Here’s an excerpt from a Calm.com article on self-kindness that gives some practical steps:
What is self-kindness?
We often think of kindness as something we direct toward others, but it’s just as important to direct it toward ourselves. Self-kindness involves understanding and forgiving our own flaws and mistakes, much like we’d treat a friend or family member we love. It requires an internal reflection and a personal commitment to self-compassion. When we practice self-kindness, we can improve our mental and emotional wellbeing and live a happier, more fulfilled life.
Recognizing worth
Understanding self-kindness begins with recognizing your own value and worth and learning to accept yourself wholeheartedly without harsh judgment. When you make a mistake, you can choose to be forgiving and encouraging instead of being critical and hard on yourself. This doesn’t mean ignoring what’s gone wrong. It means acknowledging your actions without beating yourself up over it. It’s important to accept that making mistakes is a part of being human and doesn’t lower your worth in any way.
Acknowledging needs
Another aspect of self-kindness is being aware of your own needs and taking steps to meet them. Acknowledging your needs can mean setting aside time for relaxation, pursuing hobbies you enjoy, or simply allowing yourself some quiet time to reflect and recharge.
Positive self-talk
Self-kindness also involves the way you talk to yourself. Your inner voice can be supportive or critical. By choosing to replace negative thoughts with more positive encouragement and understanding, you can create a more positive and nurturing inner world. For example, instead of telling yourself, "I can't do anything right," you might say, "I made a mistake, but I can learn from it."
That evening, as I was emotionally beating myself up for what I wish I had said and done, I had an opportunity to practice some of these skills. I was able to acknowledge that I had done the best I could in that situation. I may have wished I said it better, but I didn’t do anything wrong and I truly did the best I could.
Photo by Jen P. on Unsplash
I also realized that I needed to take my focus away from ruminating on the what ifs of the conversation. I intentionally shifted my focus back to my evening relaxation activities again and again each time I found myself drawn back to the loop. I reminded myself that I hadn’t done anything wrong and that it was ok to let it be what it was.

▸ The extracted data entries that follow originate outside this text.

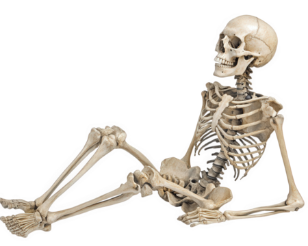 detailed human skeleton in relaxed pose, showcasing anatomical features and structure. This full body representation is ideal for educational purposes and anatomical studies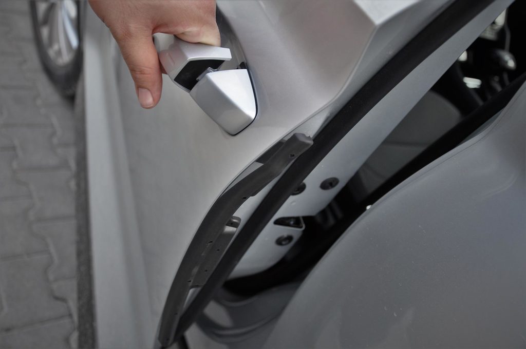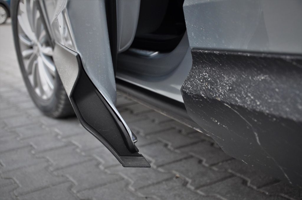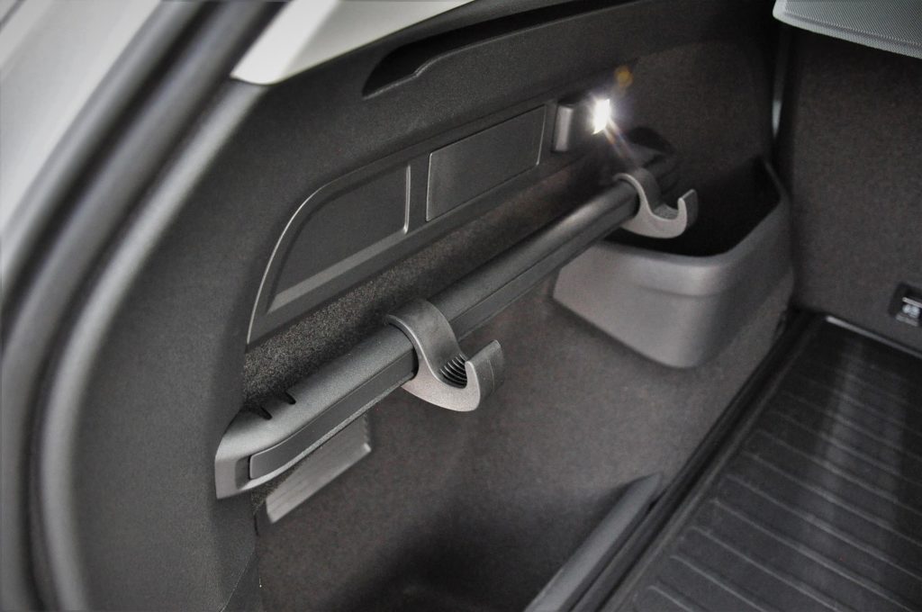 Ilyen az ajtókból kihúzható esernyő, ami nagyon jól tud jönni, ha leszakadt az ég, ehhez hasonlót pedig ma csak a Rolls-Royce-okban találsz. A Škodánál is bevetették az ajtók élvédőjét, egy függőleges gumiélt, ami alapesetben rejtve van, de automatikusan ugrik elő minden ajtónyitáskor, és ügyesen veszi elejét annak, hogy a melletted parkolónak csapd az ajtót. Ez mindkét félnek jól jön, bárcsak ilyet szereltek volna már gyárilag minden létező autóra!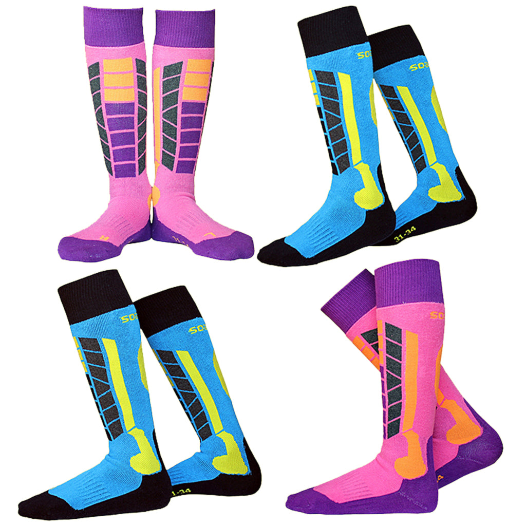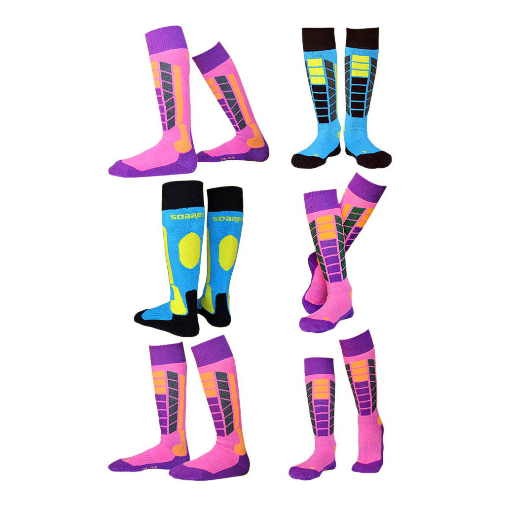 Kids Children Winter Sports Long Ski Snowboarding Flexible Hiking Walking Socks Pair EU 27-30 Blue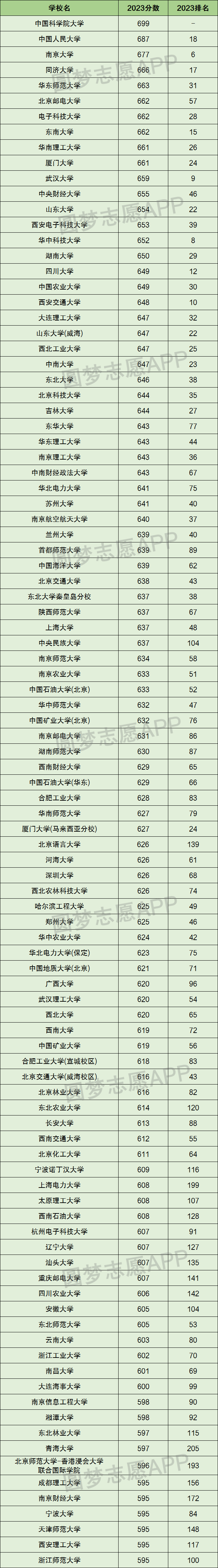 | 学校名 | 2023分数 | 2023排名 |

I often remind people that this isn’t a set of skills that one develops by doing it once. It requires consistent practice and self-reminders. That evening, I didn’t just walk through this process once. In fact, I remember repeatedly coming back to the reminders and shifting my focus onto more helpful things. That night I realized that discomfort was survivable. It didn’t last forever and the world didn’t end because maybe I didn’t say something perfectly.
Questions for thought:
Are there areas of my life where I get caught in loops of what if/could have/should have?
How can I practice self-acceptance, self-compassion, and self-kindness in those moments?
How might these practices help me move forward into the future I desire?